Pictures aside, reproduce exactly and only the lines from the one containing "為認(rèn)真貫徹落實(s" through the end of the records.
---------- DATA SHOWN ----------
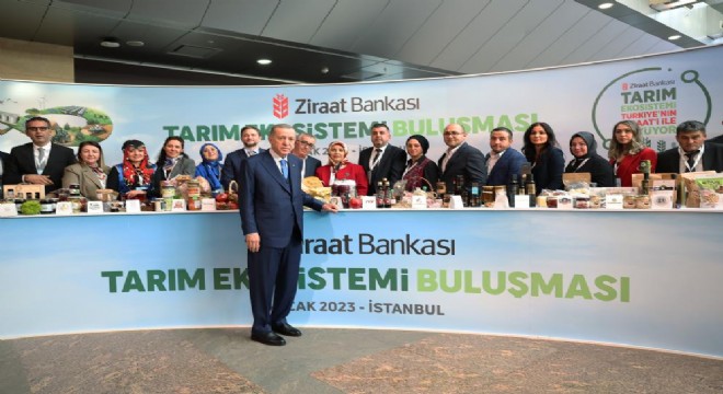Cumhurbaşkanı Erdoğan, Ziraat Bankası Tarım Ekosistemi Buluşması’nda yaptığı konuşmada, “Tahılı, meyvesi, sebzesi, hayvanı başta olmak üzere altında ve üstünde yetişen tüm değerleriyle toprağımıza sahip çıkmanın, onu işleyen çiftçilerimize destek olmanın gayreti içindeyiz” dedi.
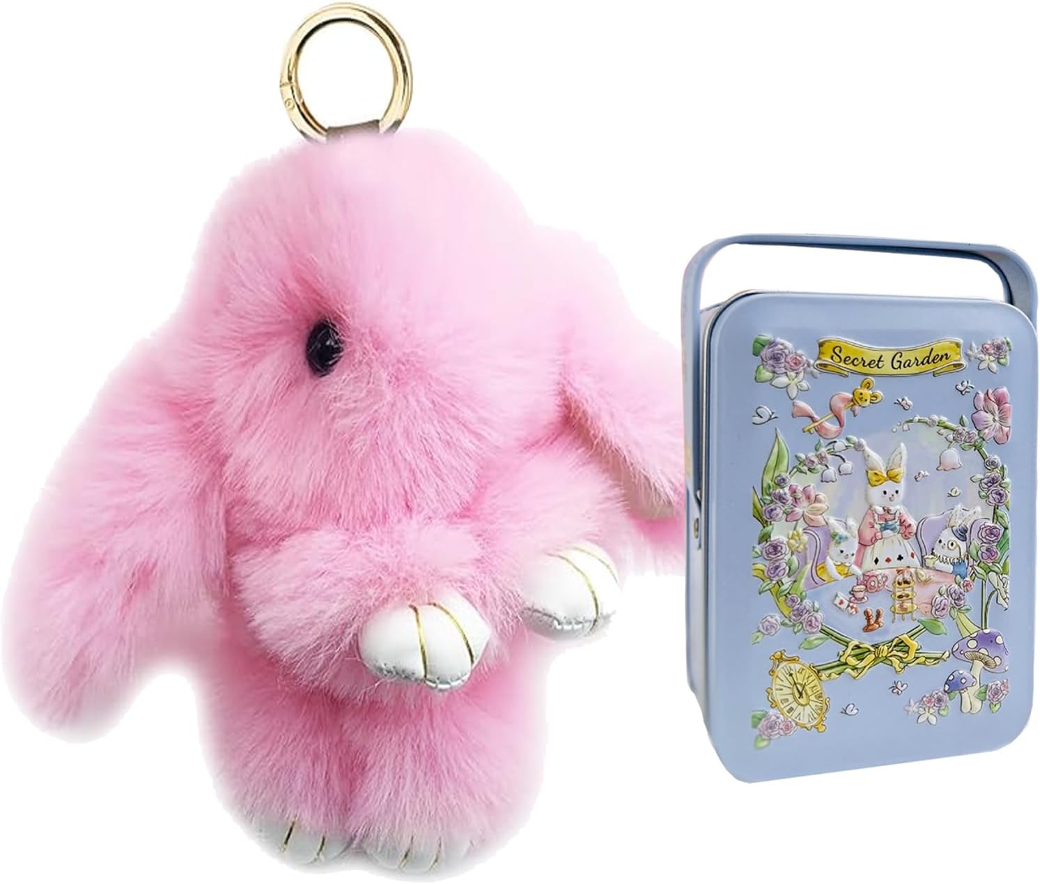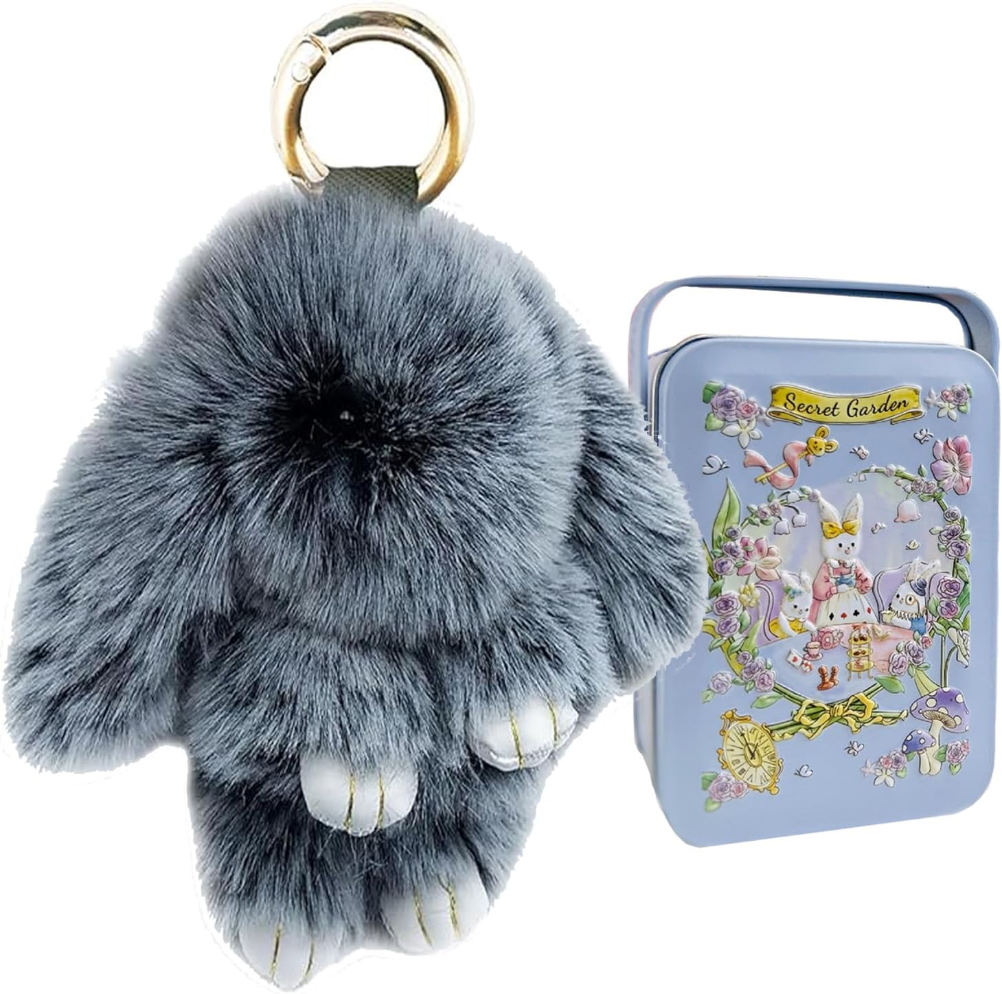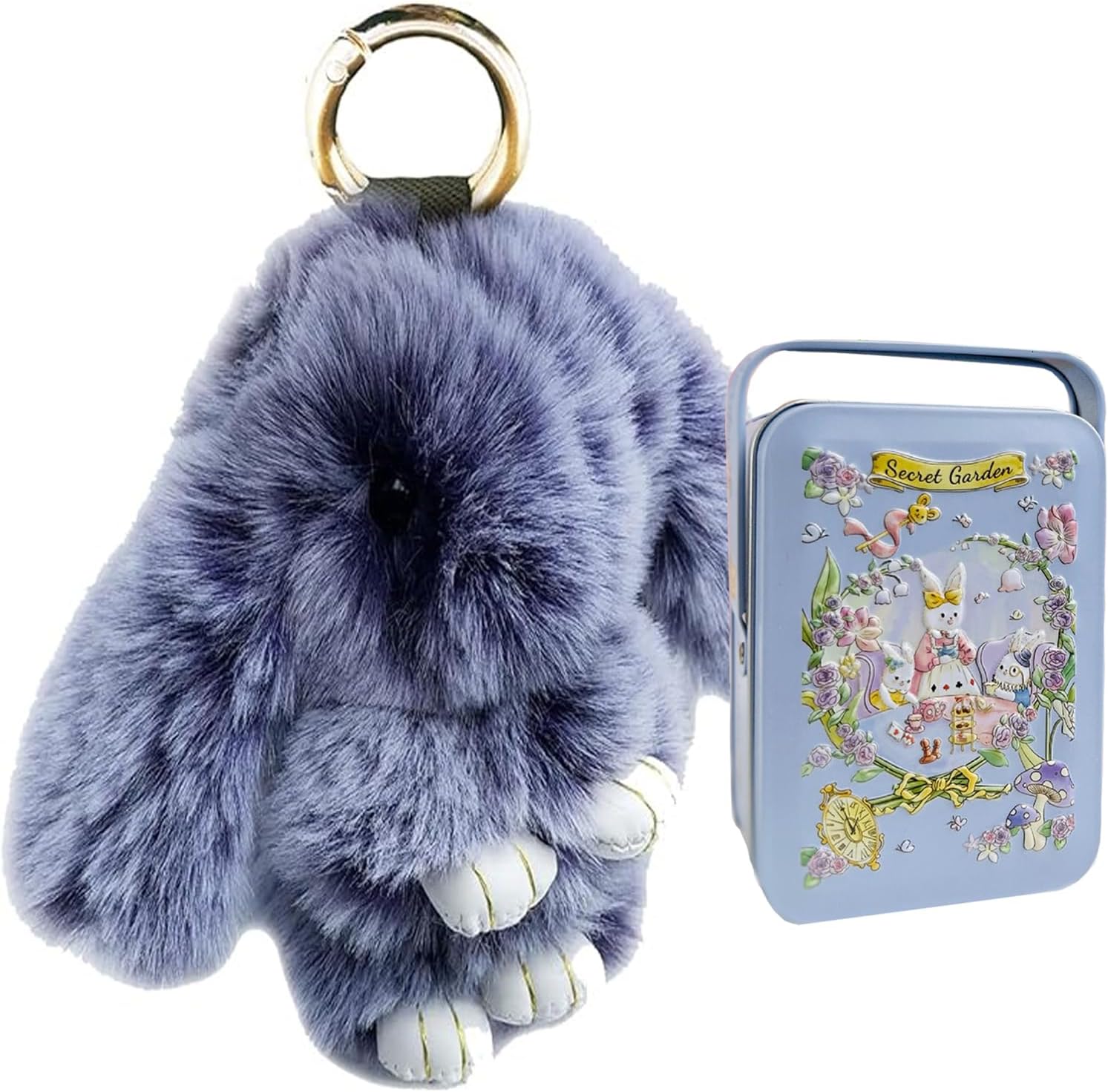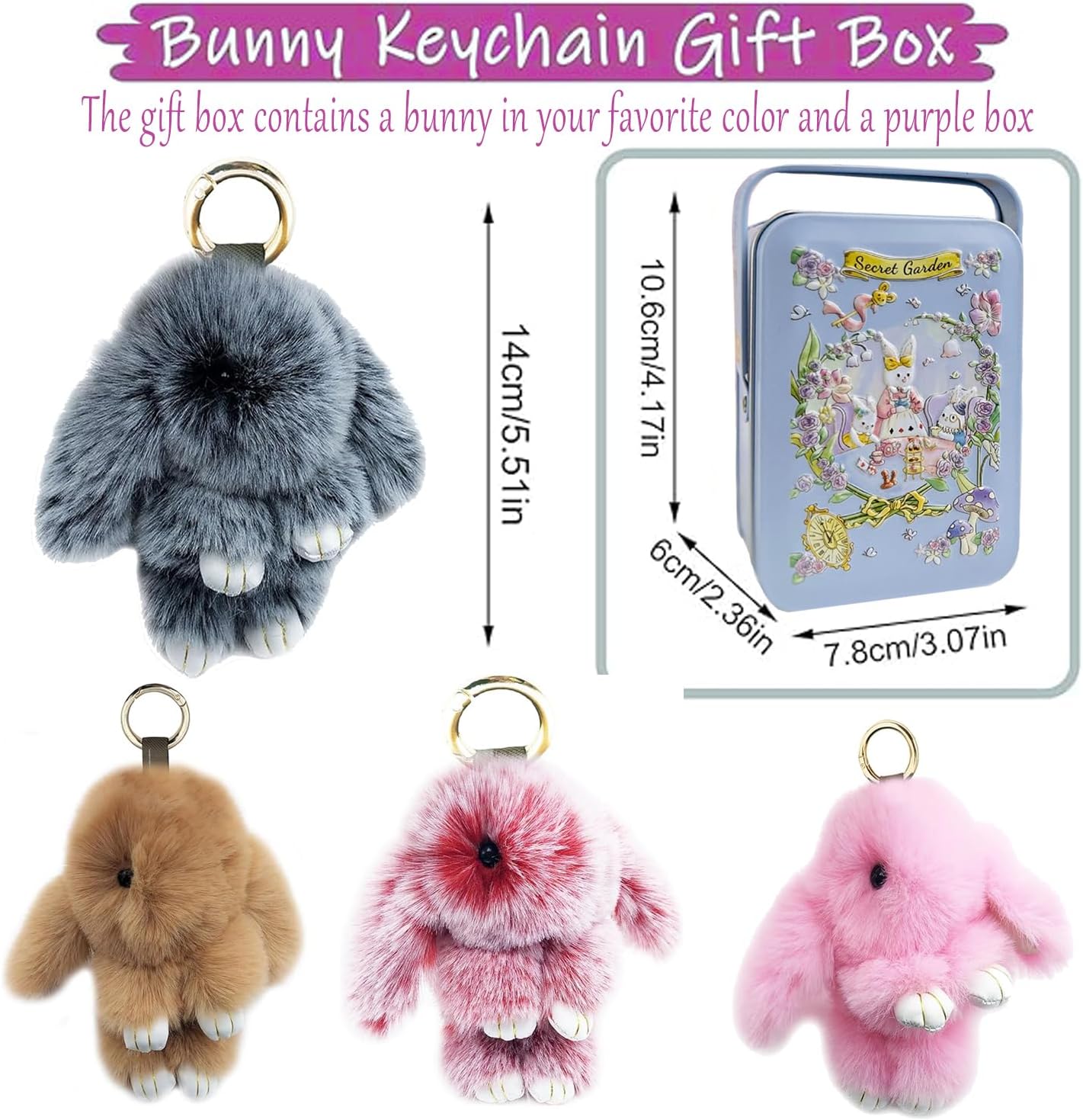 Bunny Plush Keychain, Soft Fluffy Keyring with Tin Box, PomPom Charms Gifts for Key & Bags
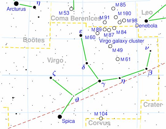 It can be tricky finding Virgo if you are not familiar with her territory, good luck trying to connect her dots. She does have one bright star, Spica (the wheat sprig), and most folks get there by hopping down from Arcturus (the bear chaser), and you get to that star by hopping down from the Big Dipper. In springtime, the Big Dip is on the very top of the sky or close to it for most of us, sorry Kangarooland. So start by looking straight up. Notice the tail has an arc. It arcs to Arcturus, a lonely red star.
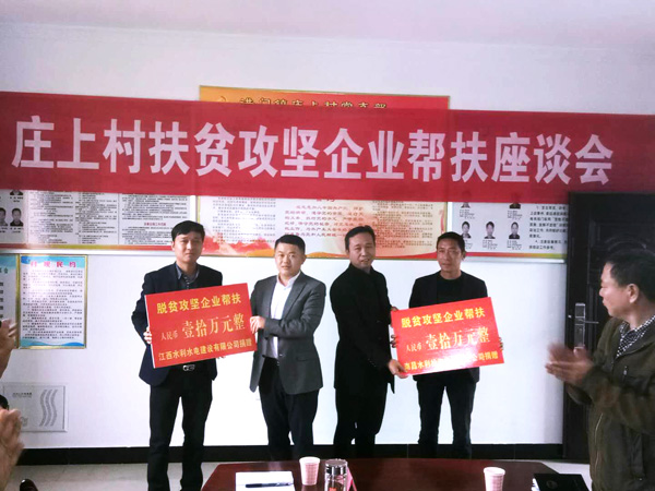 為認(rèn)真貫徹落實(shí)黨的十九大關(guān)于堅(jiān)決打贏脫貧攻堅(jiān)戰(zhàn)的新部署新要求,踐行企業(yè)的社會責(zé)任。11月17日,公司副總經(jīng)理王俊華同志率撫州廖坊灌區(qū)二期工程施工總部負(fù)責(zé)人胡福民、項(xiàng)目財(cái)務(wù)部負(fù)責(zé)人肖志兵代表江西省水利水電建設(shè)有限公司前往南城縣洪門鎮(zhèn)參加莊上村扶貧攻堅(jiān)企業(yè)幫扶座談會,并將公司捐助的10萬元扶貧資金送至莊上村村委會。
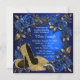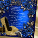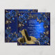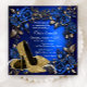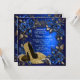 Invitación de cumpleaños azul real y dorado con hermosos zapatos de tacón alto con purpurina dorada y perlas, remolinos dorados sobre un hermoso fondo floral azul y dorado. Esta elegante invitación de cumpleaños azul y dorada se personaliza fácilmente para su evento simplemente agregando sus detalles en el estilo de letra y color, redacción y diseño de su elección.
----------
→ EXERCISE OUTPUT
 為認(rèn)真貫徹落實(shí)黨的十九大關(guān)于堅(jiān)決打贏脫貧攻堅(jiān)戰(zhàn)的新部署新要求,踐行企業(yè)的社會責(zé)任。11月17日,公司副總經(jīng)理王俊華同志率撫州廖坊灌區(qū)二期工程施工總部負(fù)責(zé)人胡福民、項(xiàng)目財(cái)務(wù)部負(fù)責(zé)人肖志兵代表江西省水利水電建設(shè)有限公司前往南城縣洪門鎮(zhèn)參加莊上村扶貧攻堅(jiān)企業(yè)幫扶座談會,并將公司捐助的10萬元扶貧資金送至莊上村村委會。
 Invitación de cumpleaños azul real y dorado con hermosos zapatos de tacón alto con purpurina dorada y perlas, remolinos dorados sobre un hermoso fondo floral azul y dorado. Esta elegante invitación de cumpleaños azul y dorada se personaliza fácilmente para su evento simplemente agregando sus detalles en el estilo de letra y color, redacción y diseño de su elección.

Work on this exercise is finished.